● **Your instructions**:
A faithful copy of all the data is the goal; omit the pictures.

● **Source data**:
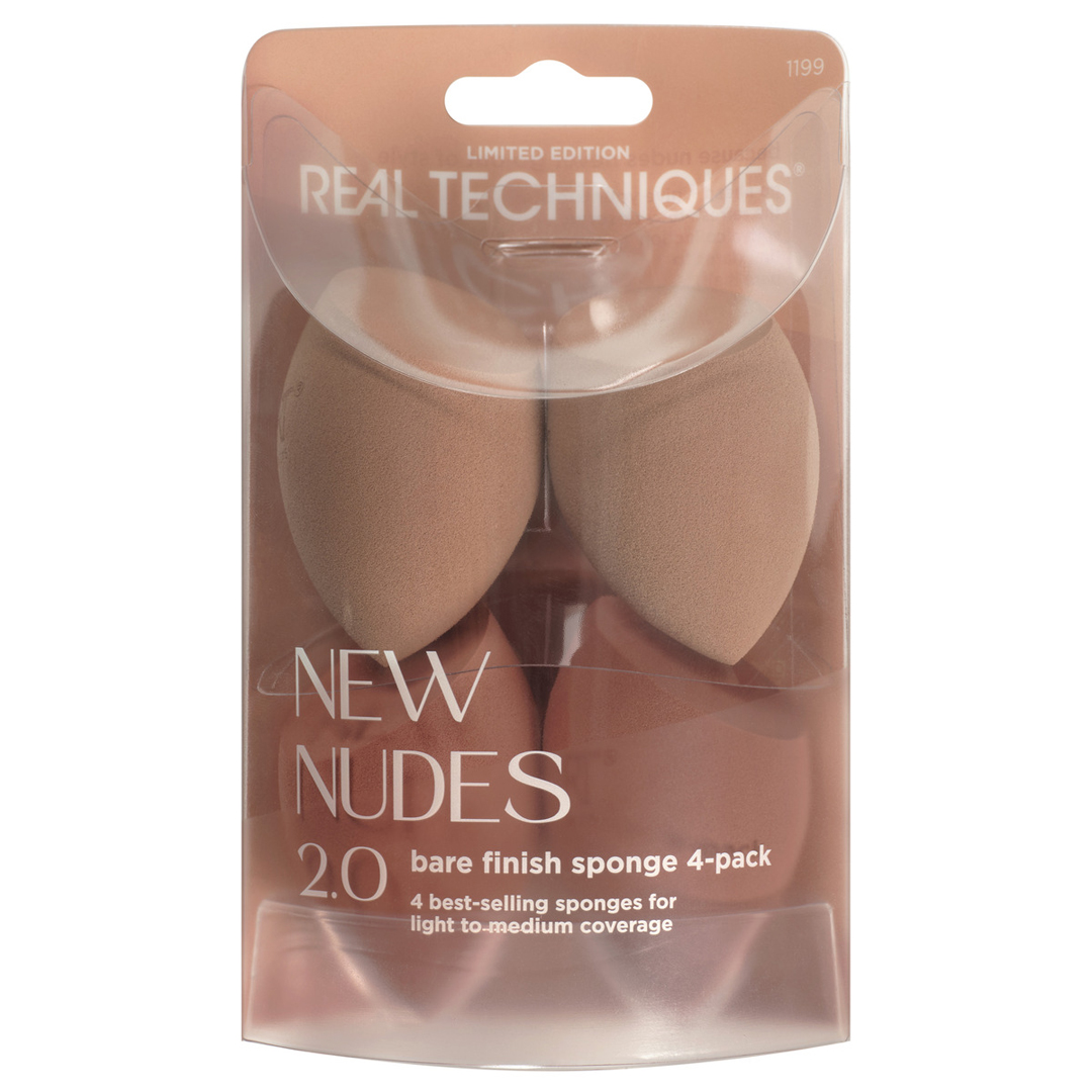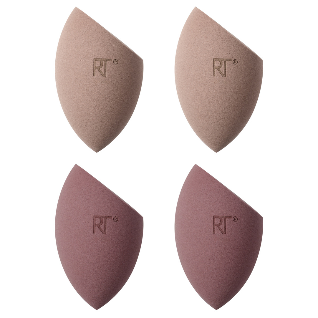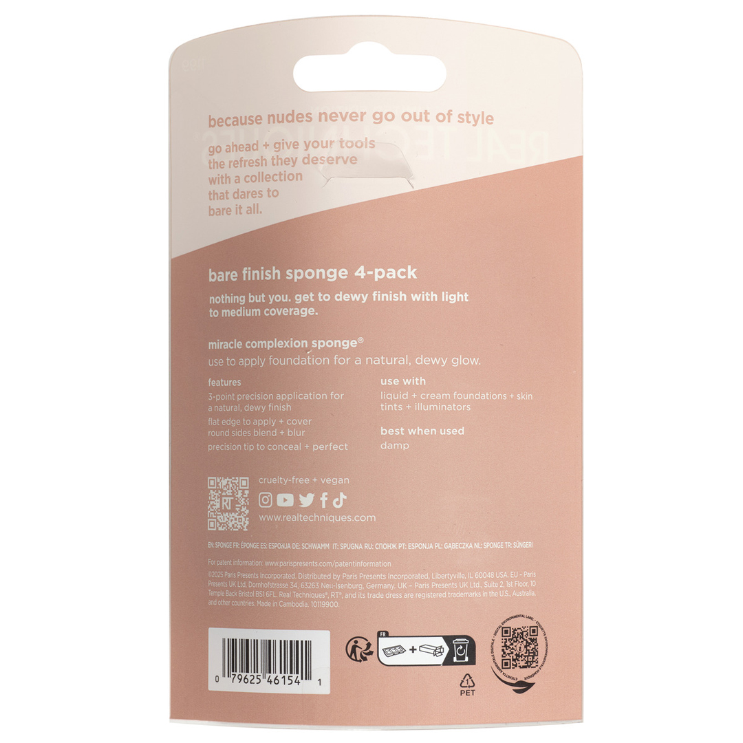 Real Techniques Bare Finish Sponge 4-Pack inniheldur 4 förðunarsvampa til að bera á farðagrunn og ná náttúrulegri, ljómandi áferð. Förðunarsvamparnir veita létta til miðlungs þekju sem lætur húðina líta ferska og vel nærða út, eins og þín eigin húð, en betri. Þrískipt lögun svampsins veitir nákvæma ásetningu, jafna blöndun og fullkomlega áferð: flati kannturinn gefur þekju, ávöl hliðin blandar farðanum og oddurinn hjálpar til við nákvæma ásetningu á minni svæði.
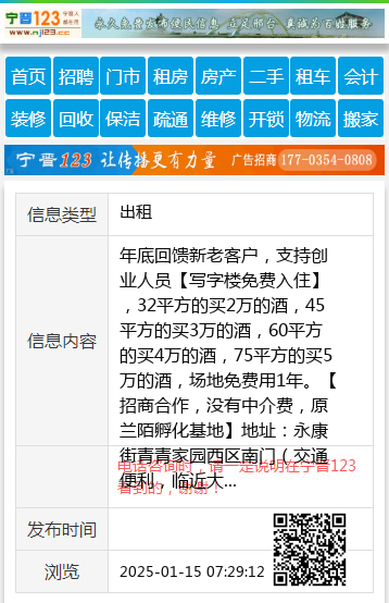 年底回馈新老客户,支持创业人员【写字楼免费入住】,32平方的买2万的酒,45平方的买3万的酒,60平方的买4万的酒,75平方的买5万的酒,场地免费用1年。【招商合作,没有中介费,原兰陌孵化基地】地址:永康街青青家园西区南门(交通便利,临近大学离邢台学院,技师学院,军区学校,还有机电,技师,现代1公里左右),独栋办公楼,双电梯, 共6层3.4.5.6层出租或合作,性价比高。水电齐全,交通便利。简单装修,可整租,可分租。详情面议。适合、公司、直播基地酒店、健康管理、个体公司,共享茶室,培训机构,百业公司等【滨河龙中小企业创业基地】电话15632152345郑女士 |
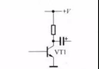 - T1基極上的元器件有三個方向:電源方向、地線方向、前級電路方向。下圖所示是電源+V方向的R1,地線方向上大多有電阻,前級方向上大多有耦合電容。
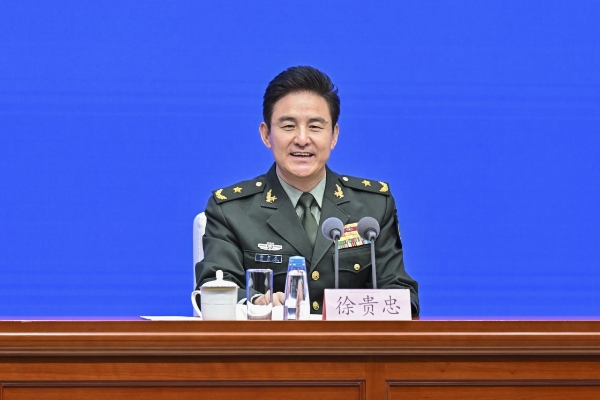8月20日,國務(wù)院新聞辦公室在北京舉行新聞發(fā)布會(huì),閱兵領(lǐng)導(dǎo)小組辦公室副主任、中央軍委聯(lián)合參謀部作戰(zhàn)局少將副局長吳澤棵,中國人民解放軍中部戰(zhàn)區(qū)閱兵指揮機(jī)構(gòu)辦公室常務(wù)副主任、政治工作部少將副主任徐貴忠介紹閱兵準(zhǔn)備工作有關(guān)情況,并答記者問。這是徐貴忠在介紹情況。

● **Answer to this problem**:
 Real Techniques Bare Finish Sponge 4-Pack inniheldur 4 förðunarsvampa til að bera á farðagrunn og ná náttúrulegri, ljómandi áferð. Förðunarsvamparnir veita létta til miðlungs þekju sem lætur húðina líta ferska og vel nærða út, eins og þín eigin húð, en betri. Þrískipt lögun svampsins veitir nákvæma ásetningu, jafna blöndun og fullkomlega áferð: flati kannturinn gefur þekju, ávöl hliðin blandar farðanum og oddurinn hjálpar til við nákvæma ásetningu á minni svæði.
 年底回馈新老客户,支持创业人员【写字楼免费入住】,32平方的买2万的酒,45平方的买3万的酒,60平方的买4万的酒,75平方的买5万的酒,场地免费用1年。【招商合作,没有中介费,原兰陌孵化基地】地址:永康街青青家园西区南门(交通便利,临近大学离邢台学院,技师学院,军区学校,还有机电,技师,现代1公里左右),独栋办公楼,双电梯, 共6层3.4.5.6层出租或合作,性价比高。水电齐全,交通便利。简单装修,可整租,可分租。详情面议。适合、公司、直播基地酒店、健康管理、个体公司,共享茶室,培训机构,百业公司等【滨河龙中小企业创业基地】电话15632152345郑女士 |
 - T1基極上的元器件有三個方向:電源方向、地線方向、前級電路方向。下圖所示是電源+V方向的R1,地線方向上大多有電阻,前級方向上大多有耦合電容。
8月20日,國務(wù)院新聞辦公室在北京舉行新聞發(fā)布會(huì),閱兵領(lǐng)導(dǎo)小組辦公室副主任、中央軍委聯(lián)合參謀部作戰(zhàn)局少將副局長吳澤棵,中國人民解放軍中部戰(zhàn)區(qū)閱兵指揮機(jī)構(gòu)辦公室常務(wù)副主任、政治工作部少將副主任徐貴忠介紹閱兵準(zhǔn)備工作有關(guān)情況,并答記者問。這是徐貴忠在介紹情況。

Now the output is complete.